THE Philippines has 30 water-related government agencies, and yet, around eight million Filipinos still do not have access to potable water. And by 2040, the country will likely experience severe water shortages because of the impacts of our population growth and our vulnerability to climate change said a study by World Resources Institute, a nongovernmental global research organization.

“The continued overlapping and fragmented regulation of water supply services in the country by several government entities is one factor that hinders the enactment of a doable and long-term solution to prevent water shortage,” said Senator Loren Legarda at the Water Challenge Forum held at the Marriott Hotel on June 14.

She said the 30 agencies must be reassessed and then the similar ones joined and the irrelevant removed. Because these agencies work on their own, the problem is the absence of consolidated data, said Dr. Sevillo D. David, Jr, executive director of the National Water Resources Board (NWRB) during the forum.

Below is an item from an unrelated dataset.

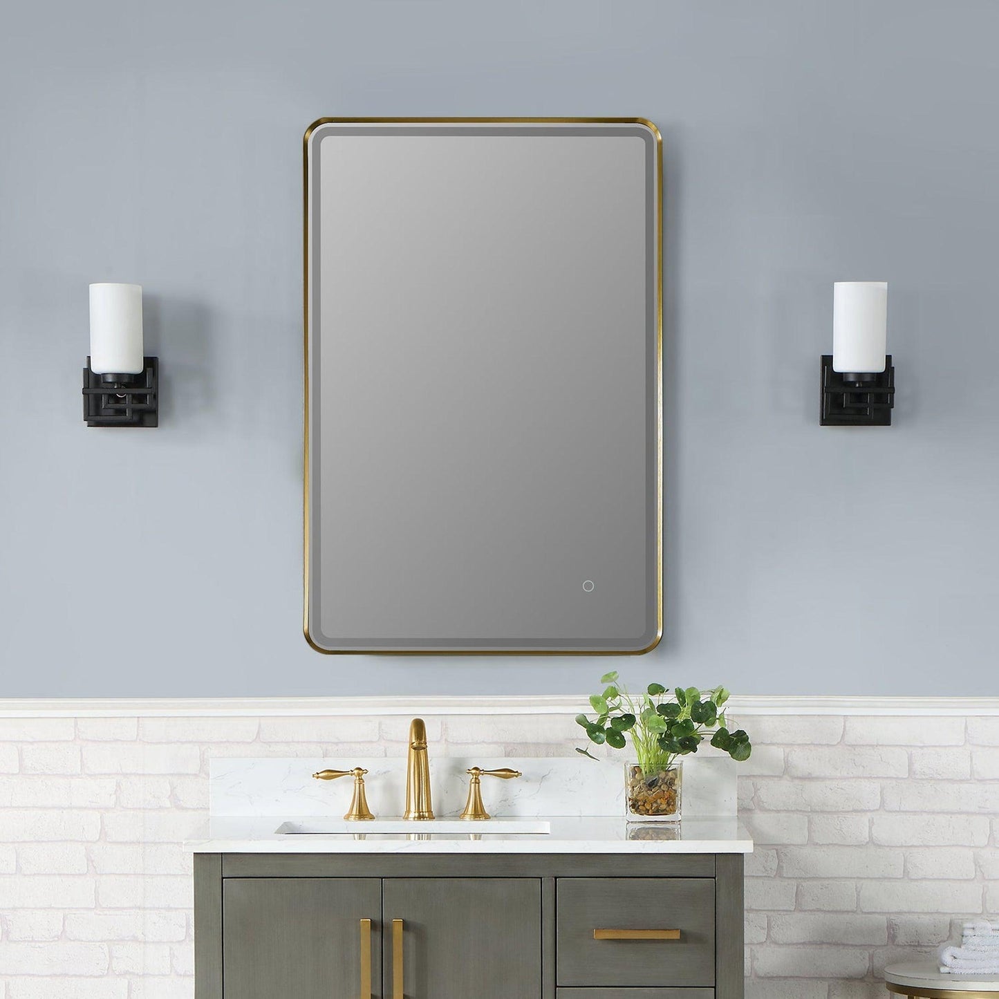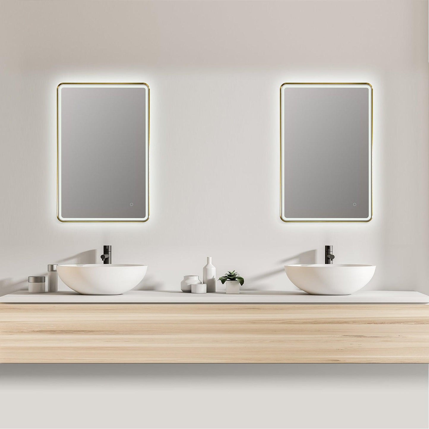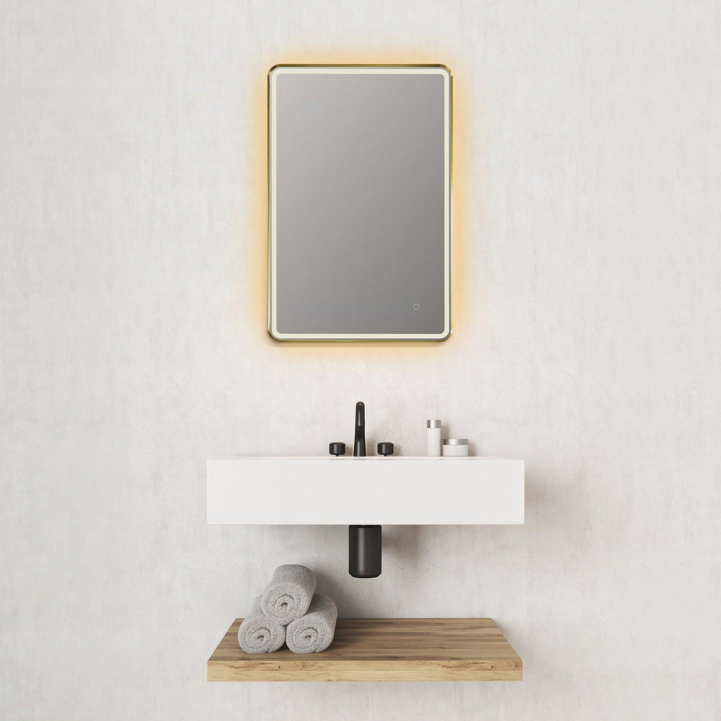 Altair Viaggi 24" Rectangle Brushed Gold Wall-Mounted LED Mirror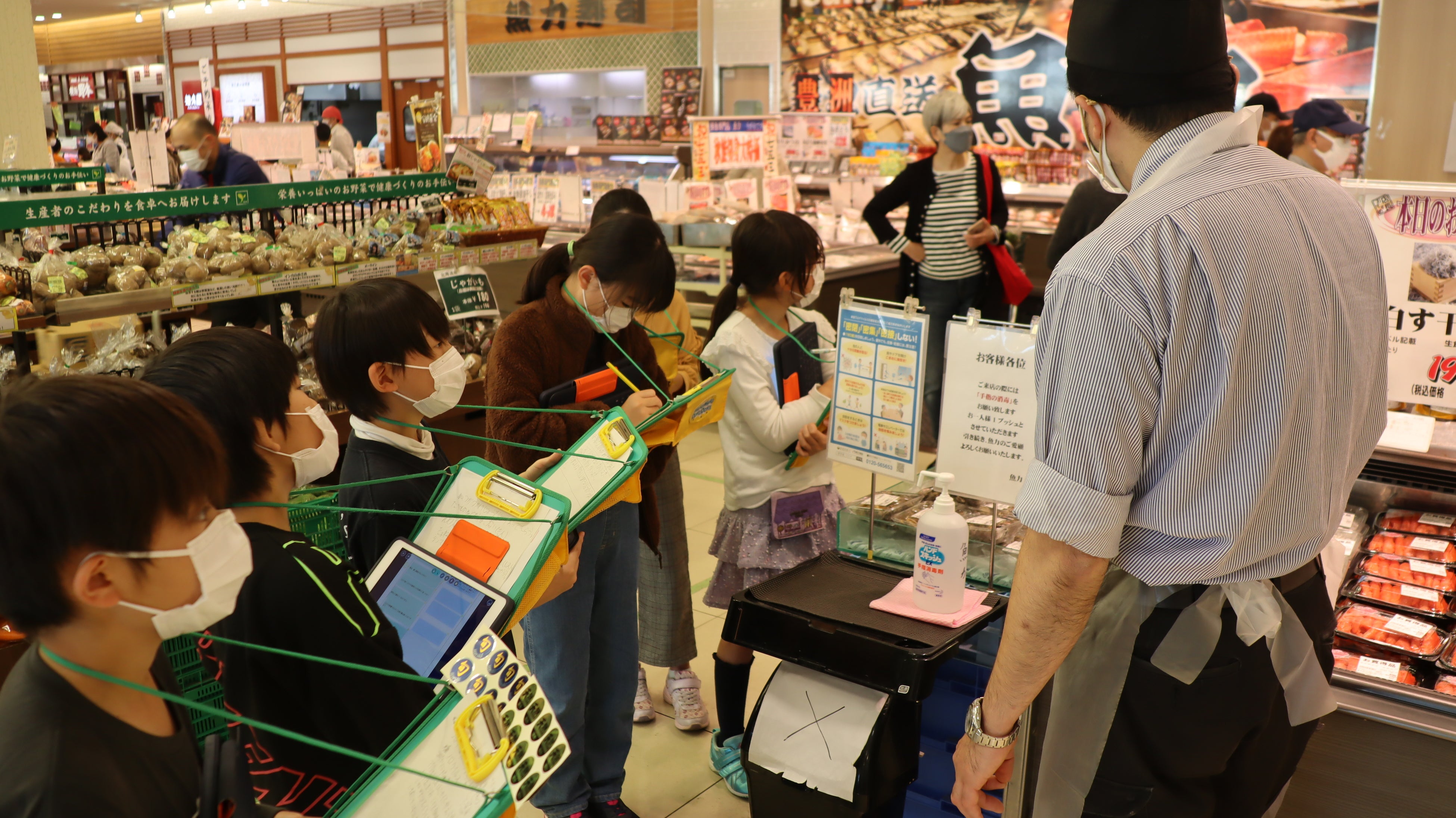 総合学習の授業の一環で、児童たちは“衛生対策調査隊”として、近隣の商業施設への衛生対策の実態取材を行いました。取材を通じて、自分たちが生活する地域でも様々な感染対策が行われていることを発見。人に害の少ないアルコール濃度の消毒剤の使用や飛沫防止シートの設置、テイクアウトの開始など、コロナ禍の前後での衛生対策やサービスにどのような変化があったのか、取材での気づきをプレゼンしました。

NWRB is an attached agency of the Department of Environment and Natural Resources that is responsible for conservation, preservation, and development, among others, of the country’s water resources. It does, among many things, river basin surveys and reviews water resource development plans.

The NWRB is among the 30 water agencies.

The issue of overlapping water-related agencies is included in the Senate Bill No. 1395 or “An Act Rightsizing the National Government to Improve Public Service Delivery and for Other Purposes.” The bill aims to trim “the fat” bureaucracies in the country. According to Ms. Legarda’s opening statement at the hearing of the proposed bill on Feb. 21, the national government currently has 186 departments, an increase from 175 departments in 2000. She said the national government employs an estimated 1.3 million workers. And the increasing number of government agencies “has a significant impact on our budget,” as well as on services and efficiency — she said that for this year, P990.5 billion of the P3.35-trillion budget is allocated for personnel services alone.

The bill is a consolidation of Senate Bills which Senators Vicente Sotto III, Gregorio Honasan II, Miguel Zubiri, and Ms. Legarda have filed.

“This is an arduous task,” said Ms. Legarda, chairperson of the Climate Change Committee, during the forum. And while the bill has not yet been passed, she said there is a need to focus on the current laws we have and to strictly implement them. “Let’s go back to basics,” she continued, saying that if we want to address problems on water, the government should strictly implement already-existing laws like RA 1989 (Rainwater Harvesting) and the RA 9003 (the Ecological Solid Waste Management Act).

Another forum speaker, Dr. Ernie Ordoñez, secretary general of the National Water Roadmap and Summit 2017, is pushing for the creation of a Department of Water to have a national road map that will address water issues. Citing the joint report “Asian Water Development Outlook” by the Asian Development Bank and the Asia-Pacific Water Forum, he said the water problems are primarily caused by inappropriate management practices rather than the physical water scarcity.